The top ten largest Federal Constituencies in Malaysia after boundary changes
No. | Before change | No. of Voters | After change | No. of Voters | Difference | State average |
1. | P106 Petaling Jaya Utara | 84,456 | P106 Damansara | 150,439 | +65,983 | 94,469 |
2. | P102 Serdang | 139,013 | P102 Bangi | 146,168 | +7,155 | 94,469 |
3. | P110 Klang | 98,285 | P110 Klang | 136,222 | +37,937 | 94,469 |
4. | P105 Petaling Jaya Selatan | 78,404 | P105 Petaling Jaya | 129,363 | +50,959 | 94,469 |
5. | P104 Kelana Jaya | 101,603 | P104 Subang | 128,330 | +26,727 | 94,469 |
6. | P098 Gombak | 124,596 | P098 Gombak | 124,983 | +387 | 94,469 |
7. | P111 Kota Raja | 110,082 | P111 Kota Raja | 121,126 | +11,044 | 94,469 |
8. | P138 Kota Melaka | 93,761 | P138 Kota Melaka | 120,071 | +26,310 | 76,108 |
9. | P162 Gelang Patah | 114,625 | P162 Iskandar Puteri | 119,175 | +4,550 | 63,428 |
10. | P159 Pasir Gudang | 108,156 | P159 Pasir Gudang | 108,156 | 0 | 63,428 |
These constituencies are created by packing in predominantly opposition voters into already large constituencies.
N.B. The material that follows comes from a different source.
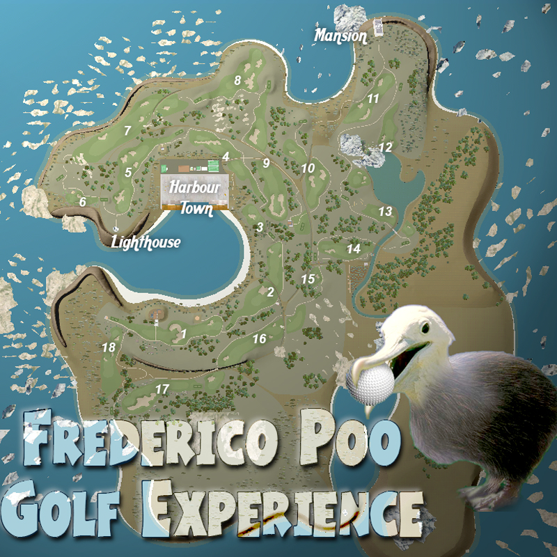 When the European powers started scrambling for empire in the 18th century, the then head of state of Jimiland, Lord Cecil XII Blabbermouth, felt he couldnt be left behind. The main problem was that by the time he had convinced his subjects that this was good idea, most of the world had been carved up already by the great powers. Even the King of Belgium had managed to obtain his piece of the pie. One little spot on the globe remained, however: The tiny tropical island of Frederico Poo, actually the summit of an undersea mountain thats part of the Mid-Atlantic Ridge, where East and West get pushed ever further apart due to relentless plate textonics. Frederico Poo, named after the intrepid Spanish seaferer who stumbled upon it in the 16th nectury, was at its time of discovery an unhabited little island, with a shallow harbour that could only be reached by navigating through intimidating reefs. The main wildlife consists of birds and bats, the island being out of reach to any land-dwelling animals but man himself. The main species was (and still is, due to aggressive conservation measures) the flightless Dada bird, originally an albatross-like creature that evolved some kiwi-like attributes after it gave up flight and fish and started to live on the nuts and berries that the island provides in abundance. It being small and and insignificant in every conceivable way, Frederico Poo proved totally unattractive to the other colonizing powers, which offered Cecil the opportunity to grab it on behalf of Jimiland. Although his new empire could hardly be called impressive by any means, his new possesion nevertheless soon went somewhat to poor Cecils head. After a little harbour town was erected and the island became a minor stopping point for certain Trans-Atlantic vessels with dubious credentials, Cecil built a rather impressive mansion, looming perilously over the North Cliff of the island. Here he spent much of his time brooding on plans of world domination which fortunately never went beyond the imagining stage. Cecils eccentricities proved so costly to the nation that both Jimiland and its tiny colony sank from near into total oblivion for well over a century. It only recently started its rise back from obscurity, due to the golf craze that has gripped the land in the past few years and that has proved quite profitable. The inhabitants of Frederico Poo, now a full blown province of Jimiland, soon felt they couldnt be left behind. With some fiscal aid from their fellow countrymen on the mainland they built their own course, which now occupies almost half of their island. The new Frederico Poo Golf Experience has some qualities that set in apart from most other golf courses, the main one being the ubiquitous dada birds. Being quite intelligent, some of them have been trained by the staff of the golf course to retrieve golf bals in the dense rough that covers much of the course. Their presence alone has already drawn dozens of tourists to the island who braved the long sea journey from the Canary Islands on one of the tiny ships that are the only means of transport to and from Frederico Poo. They have not been disappointed, because even without the dada birds the course offers exactly what it promises: a true Golf Experience. So have fun all!!! |

(2) Subverting democracy by crowning the loser
The end-result of malapportionment is not only the violation of the one-person-one-vote principle across constituencies but may also be a complete subversion of democracy by crowning the loser if malapportionment is correlated with electoral strength.
And when the voters’ mandate for Parliament and government is insidiously distorted, the legitimacy of the entire political system is called into question, undermining political and economic stability.
In the 2013 general election, the Barisan Nasional (BN) coalition only won 47% of the popular vote, but that translated into 60% of parliamentary constituencies, exactly because not only parliamentary constituencies are malapportioned, but constituencies won by the BN were markedly smaller than those won by the opposition coalition, Pakatan Rakyat.
Based on the electorate figures used in the boundary changes exercises in the states of Malaya, Sabah and Sarawak, those constituencies won by the BN in 2013 would have only 48,228 voters on average while those won by the opposition would have nearly double the number, at 79,436. This means the BN may be returned to power again if it loses the majority vote.
Given the smallest 112 parliamentary constituencies contain only 33% of the total electorate, a simple parliamentary majority could theoretically be won with just 16.5% of the popular vote. This figure may go lower if votes are effectively split in muli-corner contests.
(Credits to: Dr Wong Chin Huat and Engage)
Latest electorate size for the 133 parliamentary constituencies won by the ruling coalition (Barisan Nasional) and the 89 parliamentary constituencies won by the Opposition (Pakatan Rakyat) in the 2013 general election.
In the most extreme of cases, a simple parliamentary majority could theoretically be won with just 16.5% of the popular vote, ie by obtaining 50%+1 votes for each of the 112 smallest constituencies.
(3) Partisan gerrymandering
Bersih 2.0 has also detected attempts to sway electoral results in marginal seats by transferring polling districts between constituencies based on voting patterns.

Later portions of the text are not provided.